June 9, 1960.Ernest M. Ingram and James M. Stewart, for appellant.
John E. Close and John H. Kirkwood, for respondents.
FINLEY, J.
This is a consolidated action wherein the parties are seeking an adjudication of their rights under a partnership agreement. The appellant seeks dissolution of the partnership, and distribution to him of his claimed share of the net assets. The respondents, who are the remaining partners under the agreement, seek to enforce by injunction a covenant not to compete, which was contained in the partnership agreement; and to recover damages for alleged breach of this covenant. Initially, the partnership, known as Grays Harbor Amusement Company, was formed by a written agreement entered into in July 1947 by the parties, and by one Otis Morehead (now deceased). Under the written agreement, the partnership was to continue for a term of ten years, unless sooner dissolved by those partners holding a majority of the voting interests. In July 1957, upon expiration of the written agreement, the parties agreed orally to continue in business under the terms of the 1947 agreement, with certain immaterial modifications.
From time to time, both before and after expiration of the written agreement, certain disagreements arose between *323 the appellant and the remaining partners, finally culminating in the commencement of this litigation by the appellant on August 28, 1958. Predicated upon allegations of improper use of partnership funds by the respondent Brower, breach of the partnership agreement by the majority partners, and expiration of the term of the partnership, the appellant sought dissolution, and distribution to him of the sum of thirty thousand dollars, or twelve per cent of the total net assets, whichever was the greater. At about the same time, the appellant commenced to operate the Victory Amusement Company in competition with the remaining partners. In response to this, the remaining partners, the respondents herein, sued to enforce the covenant not to compete, as above noted. Prior to trial, the two actions were consolidated by order of the trial court.
Initially, the appellant, both in seeking dissolution of the partnership and as a defense in the respondents' action to enforce the covenant not to compete (which, under the written agreement, was expressly limited in time to the term of the partnership), placed his primary reliance on two theories: (1) that the partnership should be dissolved because of the alleged violations of the agreement by the respondents; and (2) that the oral agreement of July 1957 was void under that portion of the Washington statute of frauds (RCW 19.36.010) operative relative to "... Every agreement that by its terms is not to be performed in one year from the making thereof; ..." However, near the close of the trial, the appellant for the first time urged that the partnership agreement was unenforcible for the reason that the business of the Grays Harbor Amusement Company was illegal in that it consisted primarily of the unlawful operation of gambling devices, namely, pinball machines. The trial judge first allowed the appellant, under a trial amendment to his pleadings, to testify in support of this claim; but later, upon a motion by the respondents, the judge reversed his ruling allowing an amendment to the pleadings, and struck all evidence as to illegality. He then entered findings and conclusions to the effect that the appellant's claim of misuse of partnership funds and *324 breach of the partnership agreement was unsupported by the evidence, and that the appellant was estopped to assert in his favor the pertinent portion of the statute of frauds. He accordingly denied appellant's motion for a new trial and entered judgment dismissing appellant's suit for dissolution and granting the respondents' prayer for injunction and damages.

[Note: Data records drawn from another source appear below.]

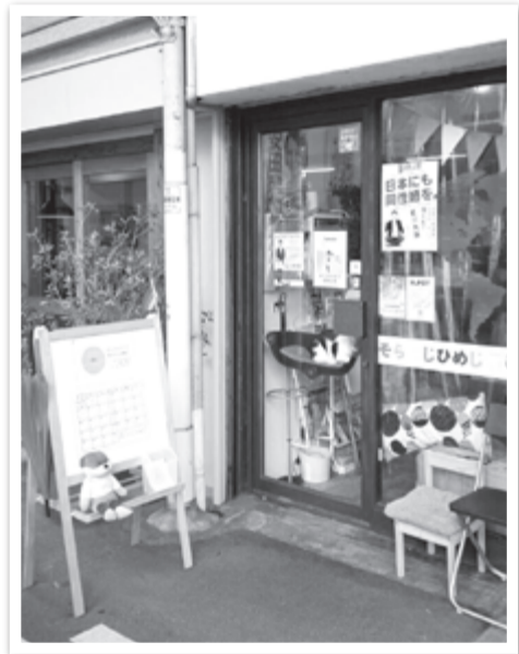
〒670-0922 兵庫県姫路市二階町3 ☎ 050-3746-4571 午前11:00~午後9:00 (日曜・祝日 午前11:00~午後7:00) 定休日:水曜日 https://soranjihimeji.wordpress.com/aboutus/

「亡くなった場合に喪主を務める事が出来るのか?」「生命保険を受け取る事はできるのか?」 いくらパートナーシップ制度が導入されているとはいえ、まだまだ乗り越えないといけない壁はたくさんあるように思います。また現実問題として、「最低限これは認め
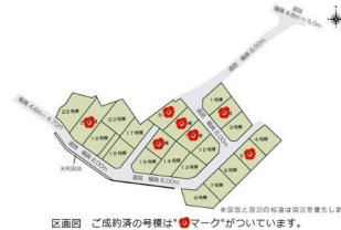
区画図 ご成約済の号楼は*マークがついています。
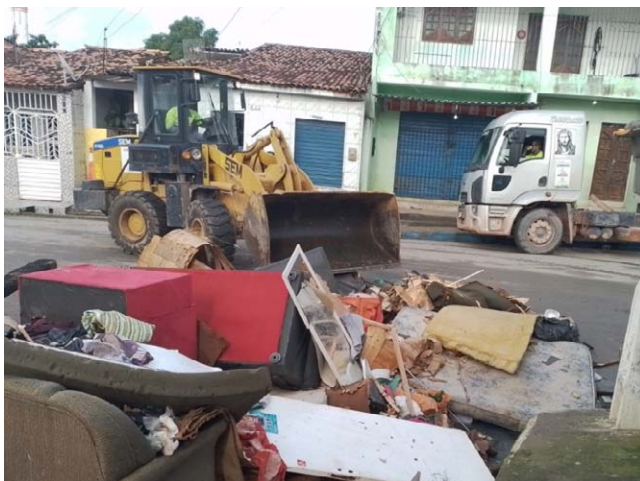
ALURB recolheu lixo para evitar novos transtornos na capital

Com os 105 milímetros de chuvas, registrados pela Defesa Civil, nas 24h em que choveu mais forte na capital, diversos itens descartados de forma irregular ou arrastados das residências dos cidadãos pelas águas pluviais, como sofás, colchões, cama e recicláveis foram parar nas ruas. Por isso, com ajuda de máquinas, a Alurb segue fazendo o recolhimento para amenizar os transtornos causados aos
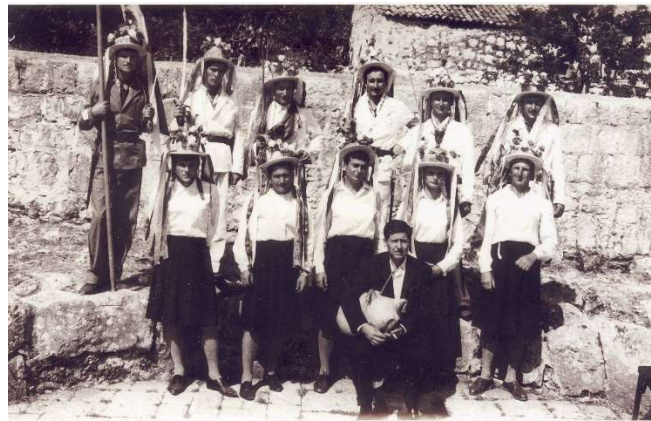
Bijeli maškari 1964. godine
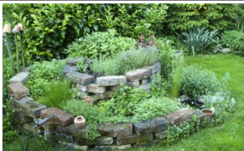
Une spirale aromatique permet l'implantation d'une très grande diversité de plantes aromatiques et médicinales.
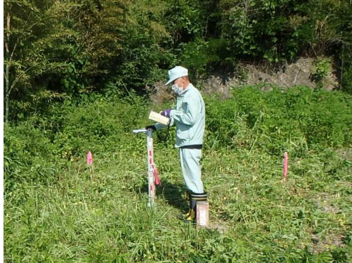
図.6 空間線量率の測定（例）
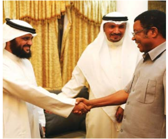
رئيس وزراء تنزانيا مستقبلاً د. عبد الله السميطة

غادر وفد من جمعية العون المباشر إلى جمهورية تنزانيا في زيارة عمل تضم عدة فعاليات وعلى رأسها افتتاح مشروع مركز د. عبد الرحمن السميطة رحمه الله والذي وضع اللبنة الأولى لهذا المشروع عام 2013 وكان آخر محطة له في أفريقيا قبل عودته مريضاً ثم وفاته رحمه الله .
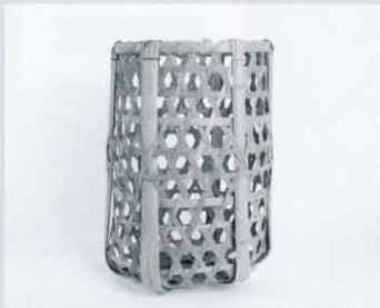
目籠 (豊北歴史民俗資料館より)
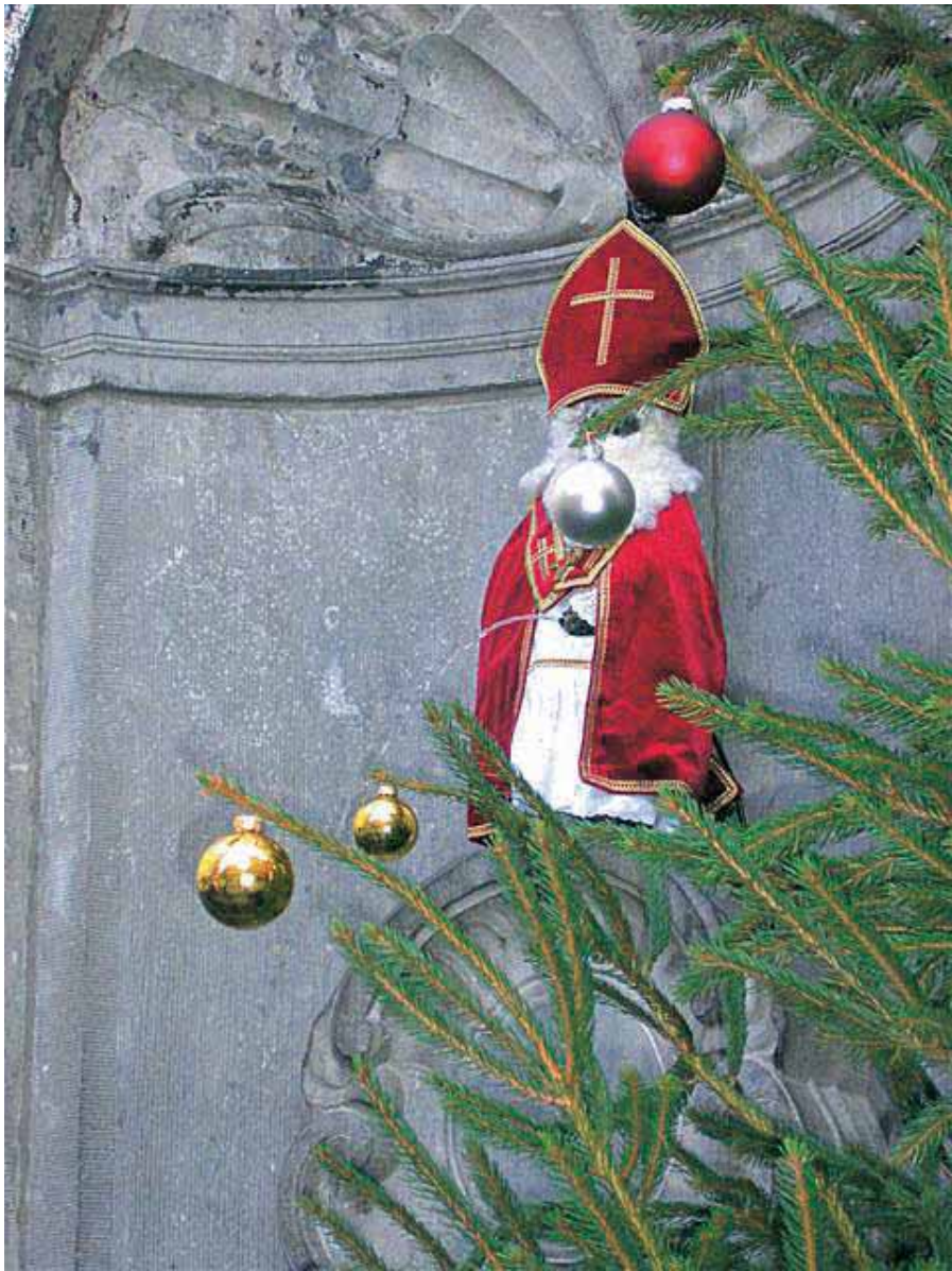
Kip popularnog Manekenna Pisa u prigodnom božićnom odjelu
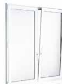
Porta e Janela Oscilo Batente
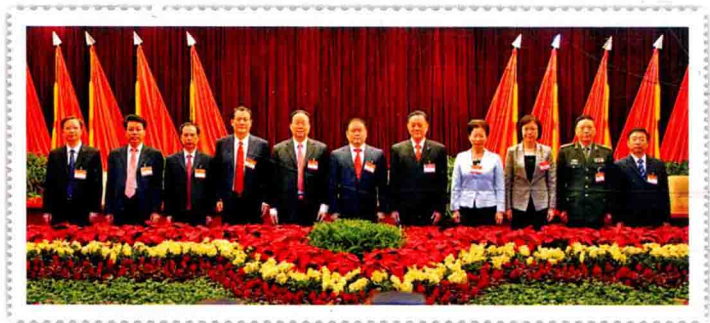
新当选的市委常委集体合影
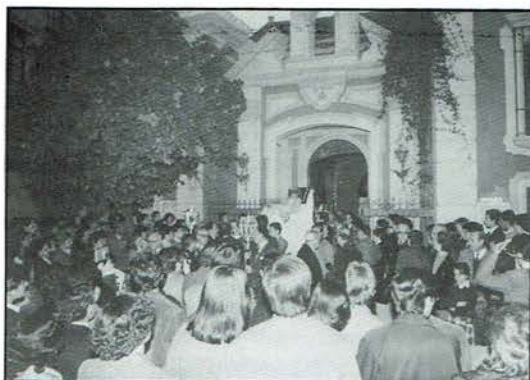
Imagen insólita del Cristo saliendo por la puerta de la Hdad.
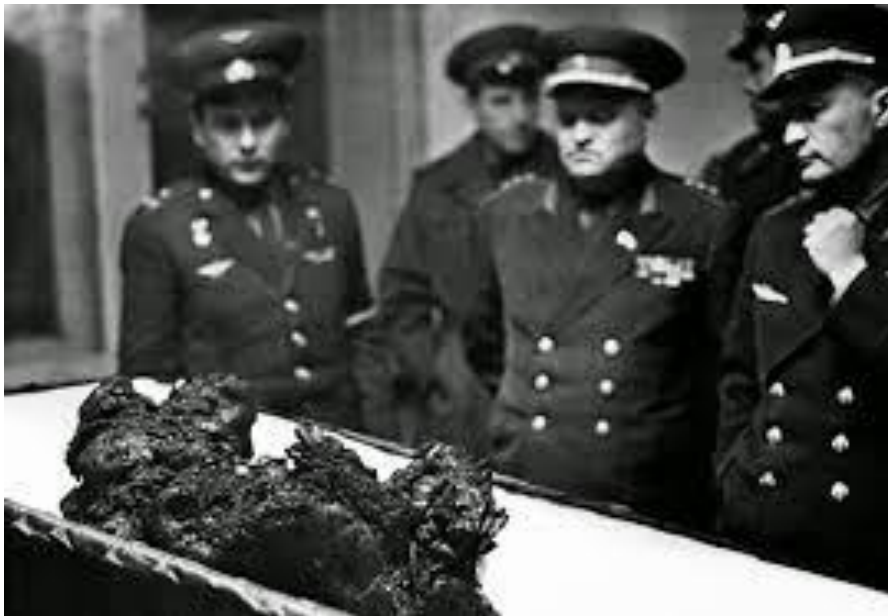
افسران شوروی در کنار بقایای جسد ولادیمیر کوماروف

چهارم اردیبهشت در سرزمینهای دیگر سالروز رخدادهایی بسیار متنوع است. در تاریخ درگیری‌های نظامی اعلان جنگ روسیه به عثمانی در ۱۲۵۶ را داریم و اولین رویارویی تانکها در میدان جنگ (در ۱۲۹۷) را که در ولر برتونو در فرانسه رخ داد و طی آن سه تانک انگلیسی و سه تانک آلمانی با هم درگیر شدند.
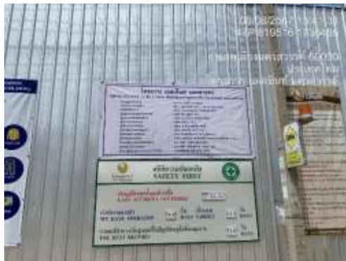
รูปที่ 20 ป้ายสถิติความปลอดภัย
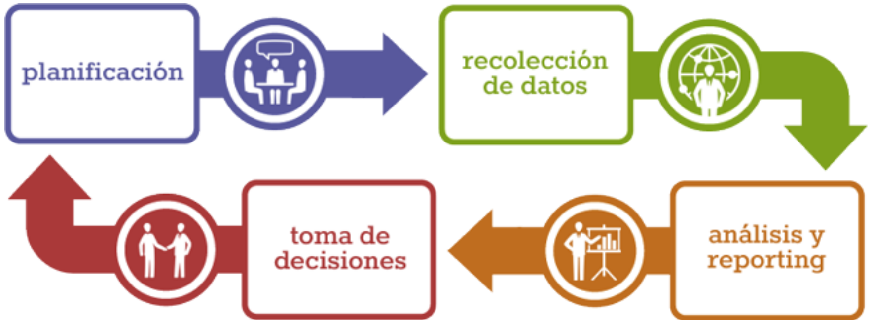
Modelo cíclico en el plan de Marketing Digital
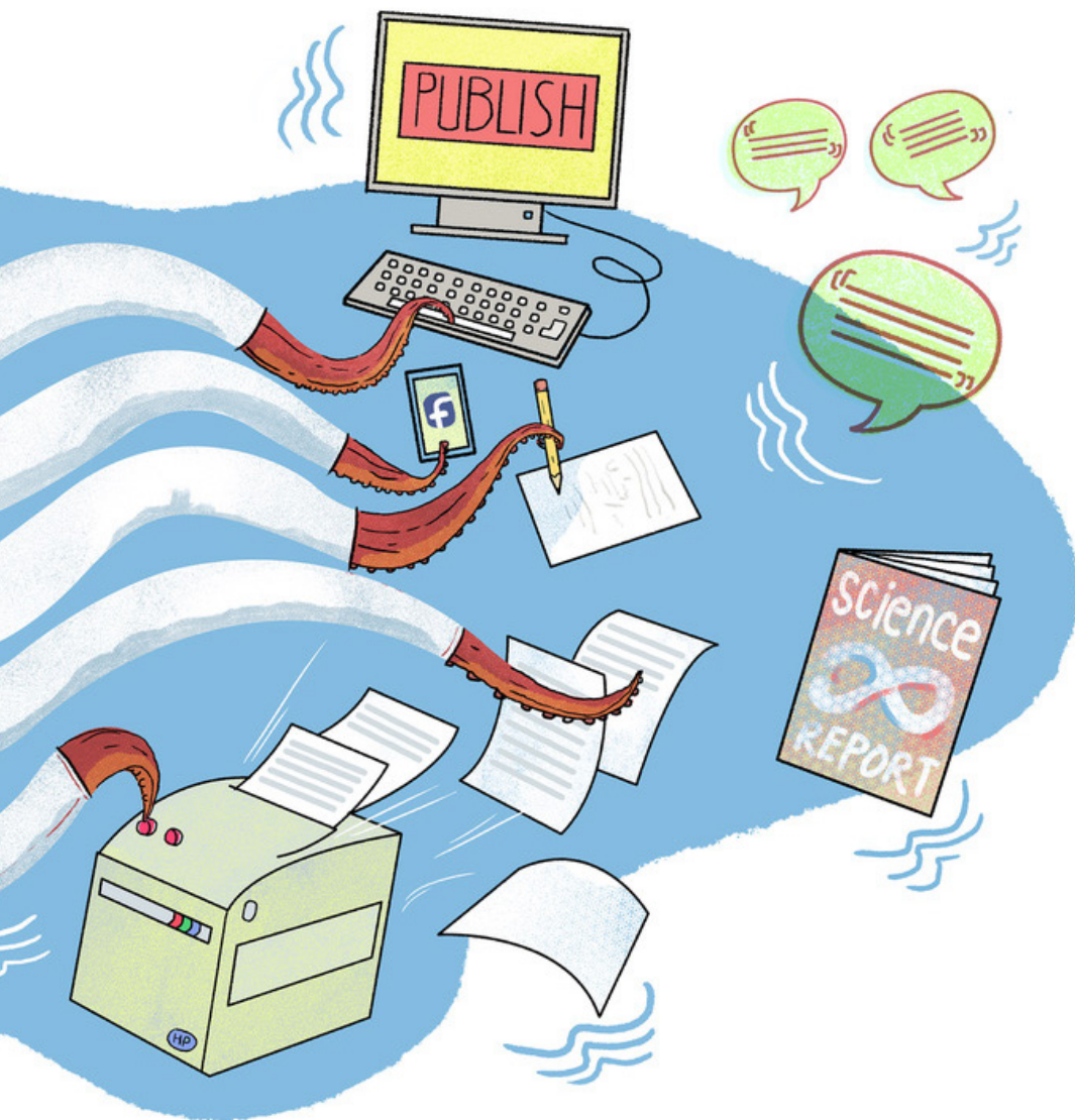
Illustration: MARIA KÄLLSTRÖM

sjukdomar. Flera av artiklarna är samförfattade.
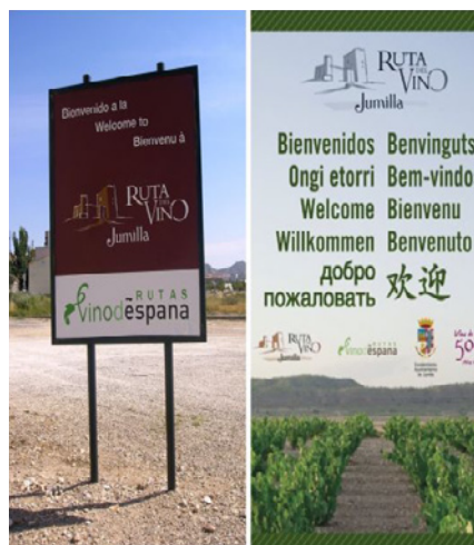
Figura 7 SEÑALÉTICA DE LA RUTA DEL VINO JUMILLA
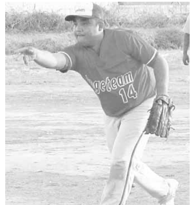
► Lolo destapó el score.
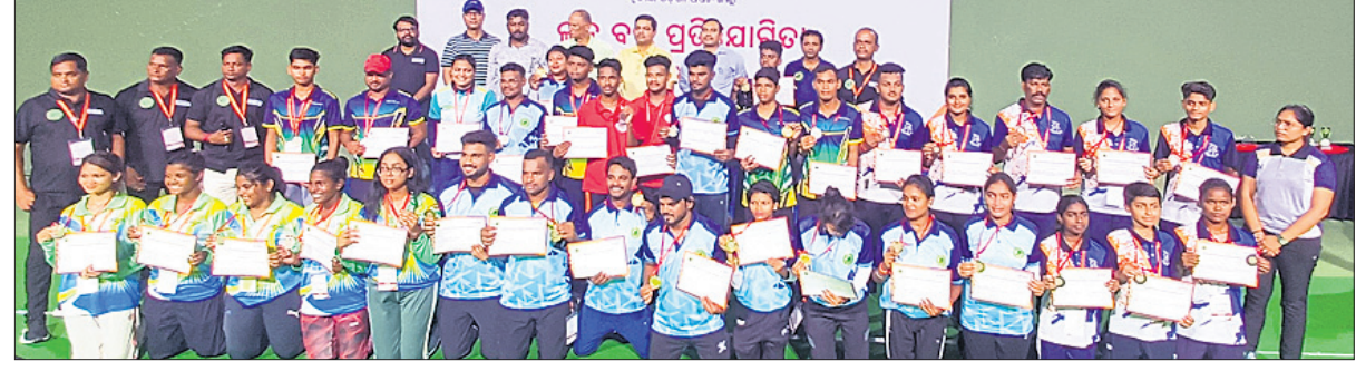
କୃତୀ ପ୍ରତିଯୋଗୀମାନେ ପୁରସ୍କାର ସହ ଅତିଥିଙ୍କ ଗହଣରେ।

ଭୁବନେଶ୍ୱର, ୩୦।୯ (ବି.ବି.): ପ୍ରାୟ ୧୫୦ରୁ ଅଧିକ ଖେଳାଳିଙ୍କୁ ପୁରସ୍କାର ପ୍ରଦାନ କରାଯାଇଛି।
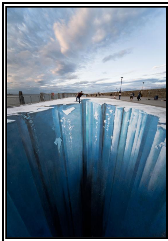
Ilustración 1. Cita Visual Literal. Mueller, Edgar. The Crevasse . Pintura – Instalación. 2008. Procedente de: Festival of World Culture , Dun Laoghaire, Irlanda ( http://www.metanamorph.com ).

Aliance for Art Education (WAAE), National Art Education Association (NAEA) o la Red Iberoamerica de Educación Artística (RIAEA)... A su vez se han realizado diversos informes nacionales e internacionales sobre la importancia de la Educación Artística y la creatividad (algunos de los cuales se citán aquí). Estos avances en el campo teórico de la Educación Artística son absolutamente necesarios si buscamos un mínimo de coherencia en nuestros sistemas educativos. Nos preguntamos sobre la importancia que se le da hoy en día a las asignaturas artísticas (artes plásticas, teatro, música, danza,...). Vemos que existen buenos libros de texto, ambiciosos planes de estudio sobre estas materias y pensamientos lúcidos, pero ¿cómo es la práctica en realidad? Según expresa claramente Anne Bamford en su investigación supranacional encargada por la UNESCO para determinar el estado de la Educación Artística a nivel internacional: “hay un abismo entre lo que se dice y lo que se hace” 6 .
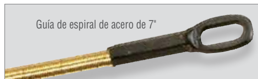
Guía de espiral de acero de 7"

Under our view of the case, it is not necessary at this time to consider the correctness of these latter findings and conclusions upon which the judgment appealed from was predicated for the reason that, in our opinion, the trial judge's disposition of the appellant's evidence of illegality constituted error, and necessitates the remanding of this case for a new trial. Specifically, in support of his claim that the primary business of the partnership was the operation of gambling devices, appellant's testimony was that about sixty per cent of the income of the partnership was derived from the operation of pinball machines. He further testified that this income came from a profit-splitting arrangement between the partnership which owned the pinball machines and the proprietors of various taverns, cafes, and other like locations in which the machines were placed. Finally, appellant testified that, although the machines did not contain an automatic pay-off device, they did contain a numbering device or meter. This meter indicated the number of "free games" won by a person playing the machines, and on this basis "over the counter" pay-off was made in each instance by the proprietors of the establishments in which the machines were placed. Appellant's own function in the operation was to secure locations for the placing of the machines and to collect the partnership's share of the "take" from the machines.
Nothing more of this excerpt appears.